Here are five key takeaways from today's results
1. Growth & Guidance: From street expectations of nearly 4 per cent plus sequential growth, Infy delivered 1.7 per cent. On top of it, the company cut growth guidance by a full 100 basis points (one basis point is one hundredth of 1 per cent). In constant currency it is now saying that it will grow between 10.5 and 12 per cent versus 11.5 to 13.5 per cent it had guided earlier.
2. Margins: In the past the company has prided itself on protecting margins and thus it has got a premium compared to peers on the exchanges. This quarter margin contracted by 138 basis points to 24.12 per cent. Clearly the company is facing pricing pressures.
3. Attrition: Annualised attrition at the company stood at 21 per cent compared to 17.3 per cent in the previous quarter. While the management tried to explain it away as something seasonal, it seemed to be worried enough to announce restricted stock grants to a section of employees, in order to retain talent.
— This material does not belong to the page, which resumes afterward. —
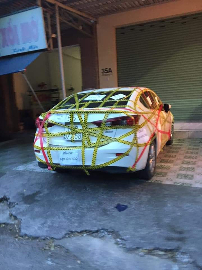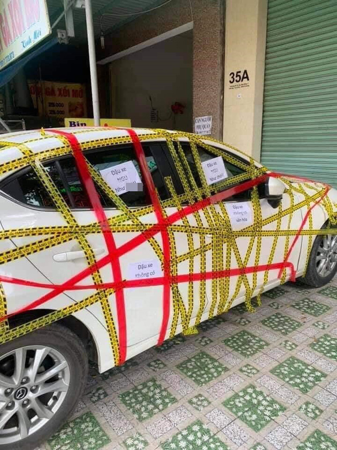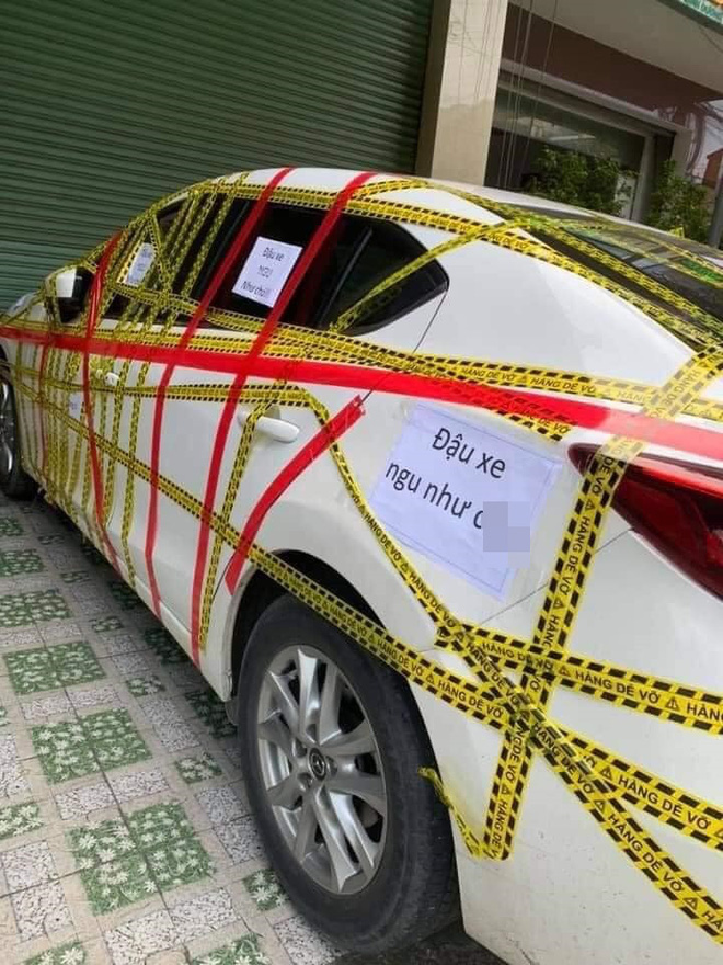 Dĩ nhiên, khi quay lại, chủ xe sẽ giật mình vì bộ dạng mới của chiếc ô tô. Những dải băng dính vàng và đỏ được dán chằng chịt như muốn niêm phong chiếc xe. Chưa hết, hàng chục tờ giấy trắng, in dòng chữ nổi bật dán trên ô tô có ý nhắm thẳng vào ý thức của chủ xe.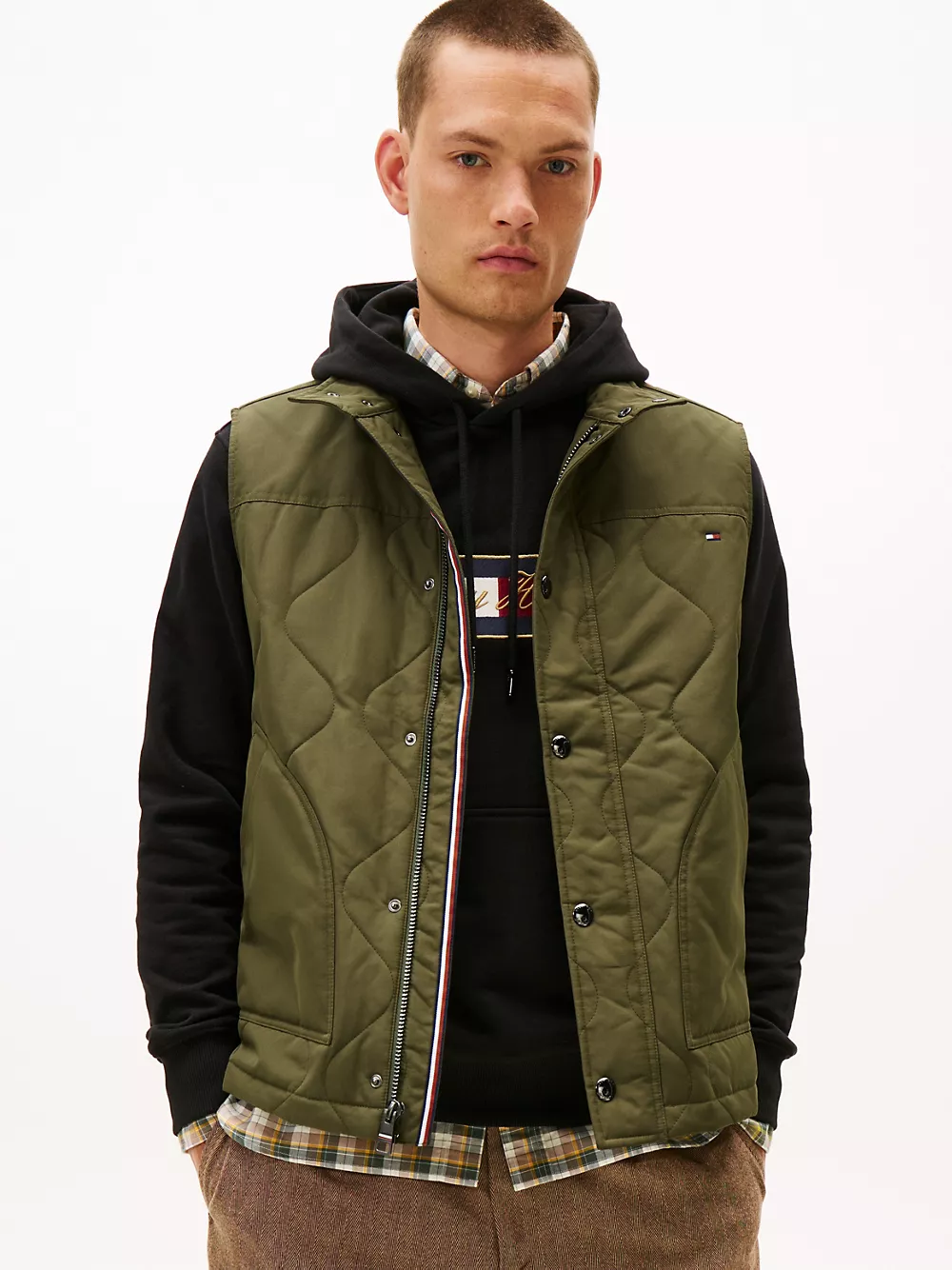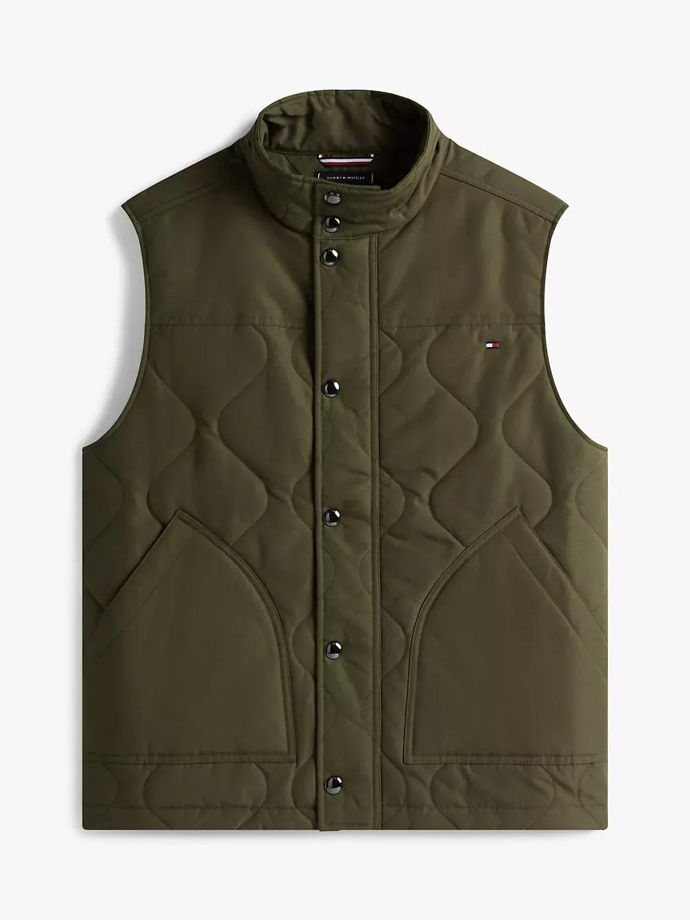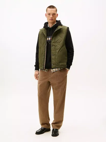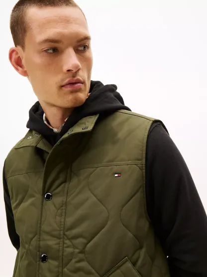 Tommy Hilfiger men's vest. Tackle fickle weather in our quilted field vest. Designed with side vents and a standing collar, this outerwear layer keeps you warm, thanks to the lightweight thermal insulation.

4. Key Departures: While a few individuals leaving a company with an employee base of 1.97 lakh is unlikely to have significant impact, the fact that it has happened at senior levels is worrisome. Infosys was plagued by high turnover in C-Suite before Sikka's arrival as the CEO. The departure of one of his handpicked lieutenants Samson David who led the crucial AI (Artificial Intelligence) offering of the company should be cause for concern along with other senior departures. More so as David was a veteran at the company.
5. Management Commentary: Just about a month ago, COO Pravin Rao had reiterated to analysts the company's growth numbers. What changed in a month for the company to deliver underwhelming numbers is something which the market will be wondering. While management commentary continued to be upbeat about medium to long-term goals, markets might start discounting some of those statements.